■ Problem description:
All lines in the records below from the line with "Introducing the Elise" through the line with "This parish was" are to be given again exactly, both ends included; the pictures are to be left out.

■ Data:
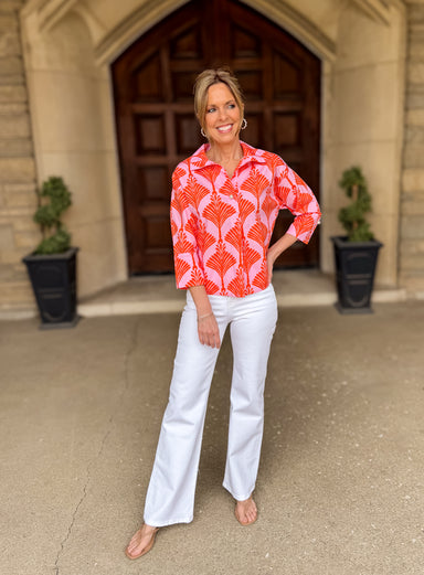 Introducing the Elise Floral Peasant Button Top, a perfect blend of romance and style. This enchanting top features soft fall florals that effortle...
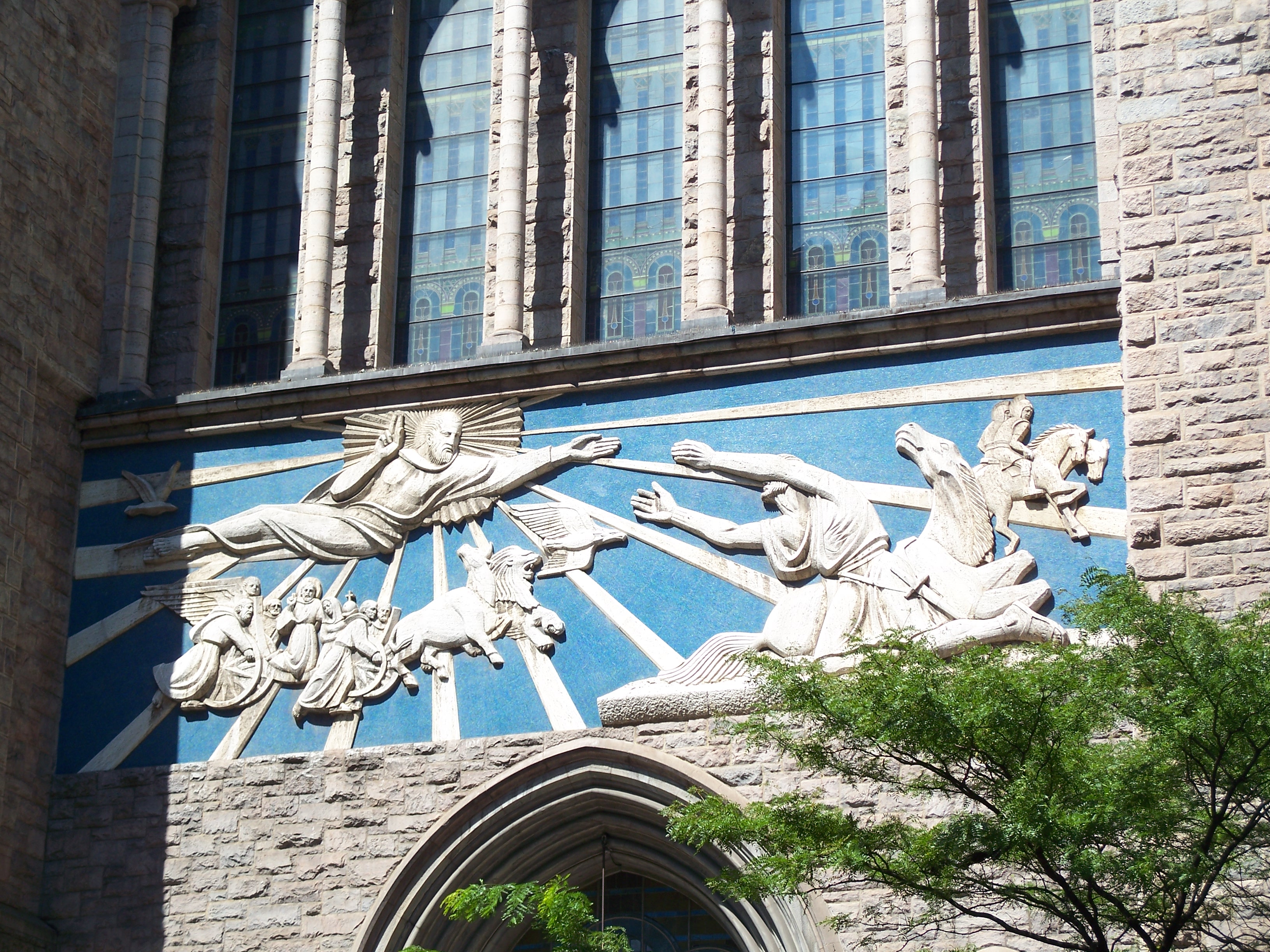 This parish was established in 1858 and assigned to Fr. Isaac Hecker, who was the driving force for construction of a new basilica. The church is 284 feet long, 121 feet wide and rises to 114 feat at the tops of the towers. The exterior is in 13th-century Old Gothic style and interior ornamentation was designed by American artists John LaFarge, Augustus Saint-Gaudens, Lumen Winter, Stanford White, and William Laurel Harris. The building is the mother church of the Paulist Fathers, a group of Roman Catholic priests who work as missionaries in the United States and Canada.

==

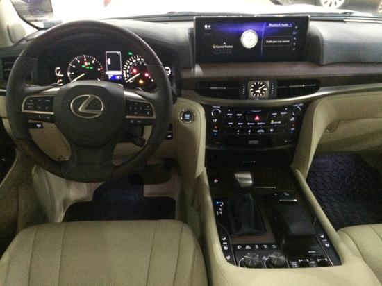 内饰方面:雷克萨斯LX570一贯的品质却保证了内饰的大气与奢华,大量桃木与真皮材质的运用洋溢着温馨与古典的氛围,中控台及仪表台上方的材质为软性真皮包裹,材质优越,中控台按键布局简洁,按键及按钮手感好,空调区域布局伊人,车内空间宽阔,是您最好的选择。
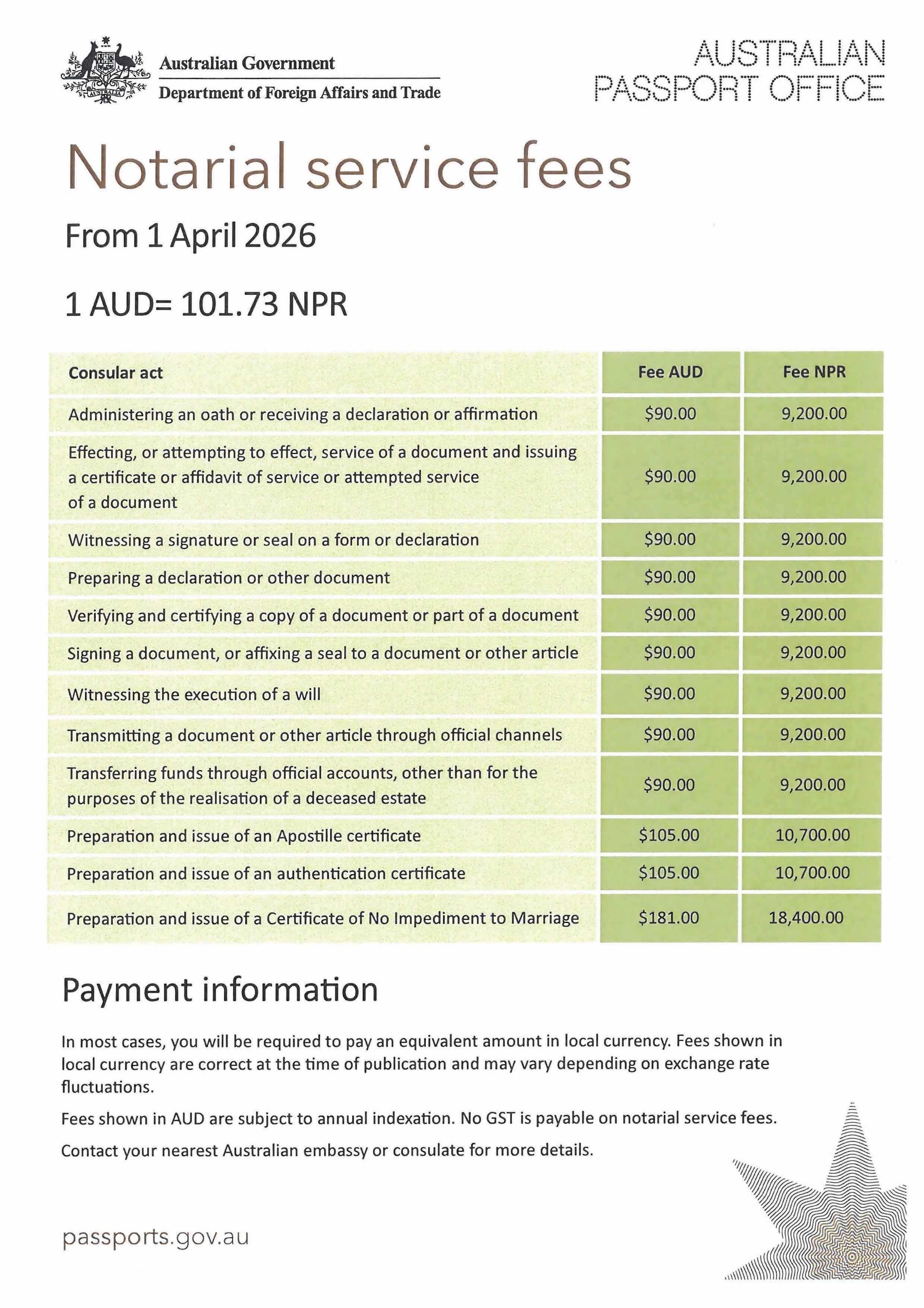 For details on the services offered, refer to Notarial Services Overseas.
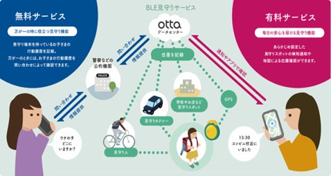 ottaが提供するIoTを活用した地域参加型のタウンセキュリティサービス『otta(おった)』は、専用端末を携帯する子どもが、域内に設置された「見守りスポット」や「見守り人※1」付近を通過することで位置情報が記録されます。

■ Problem solution:
 Introducing the Elise Floral Peasant Button Top, a perfect blend of romance and style. This enchanting top features soft fall florals that effortle...
 This parish was established in 1858 and assigned to Fr. Isaac Hecker, who was the driving force for construction of a new basilica. The church is 284 feet long, 121 feet wide and rises to 114 feat at the tops of the towers. The exterior is in 13th-century Old Gothic style and interior ornamentation was designed by American artists John LaFarge, Augustus Saint-Gaudens, Lumen Winter, Stanford White, and William Laurel Harris. The building is the mother church of the Paulist Fathers, a group of Roman Catholic priests who work as missionaries in the United States and Canada.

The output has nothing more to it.